Tonight in Australia: an unofficial history On SBS …
After two decades of the conservative government, the early 1970s introduced a period of social and cultural progress, with art at the forefront of this transformation. The government film unit, supported by generous government financing and now renamed film Australia, was given the task of documenting the changing face of the nation.
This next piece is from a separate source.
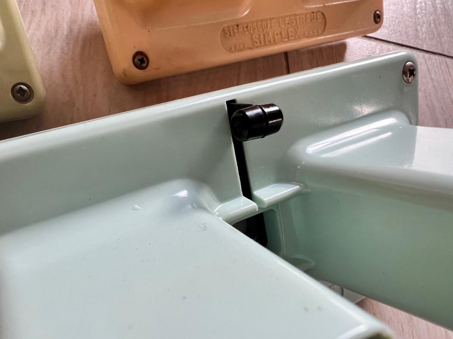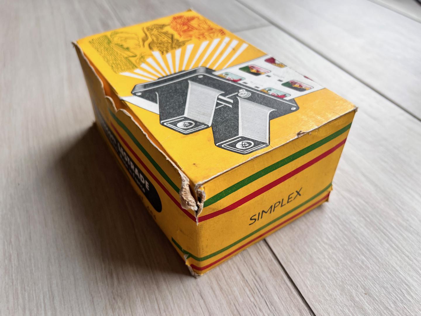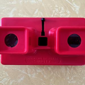 En 1958, le stéréoscope "SIMPLEX" est proposé à la vente, au prix de 500 anciens francs (environ 10€40). Le "SIMPLEX" est en plastique, toujours en deux parties. Les rivets ont disparu au profit de quatre vis. La manœuvre centrale est toujours métallique. Il est proposé en plusieurs couleurs. Le packaging est plus grand mais reste avec le même graphisme.

The films made in these years were inspired by the desire to show Australians that their lives on the screen share in a new culture of acceptance and diversity. Cut documentaries such as Brad and Jenny tried to normalize homosexuality, years before it was decriminalized in most Australian states. The images of these films of homosexual and lesbian people who do everyday things – eat, go out, take a bus – presented a version of life unchanged by stigma and shame. It was a vision of what society could be. But these explorations did come with hidden risks of defamation and fear of personal safety, threats that would eventually relegate the film Jenny to archive storage and away from public eyes.
An abundance of other films serves to emphasize the tensions between the progressive ambitions of the government and the embrace of change by the public. A voice to be heard, handles optimism as it tells the story of the Aboriginal Consultative Committee, the first time Aboriginals were elected in a body that could represent their interests in the federal parliament. We see how that excitement was quickly affected by the disappointment that nobody really listened.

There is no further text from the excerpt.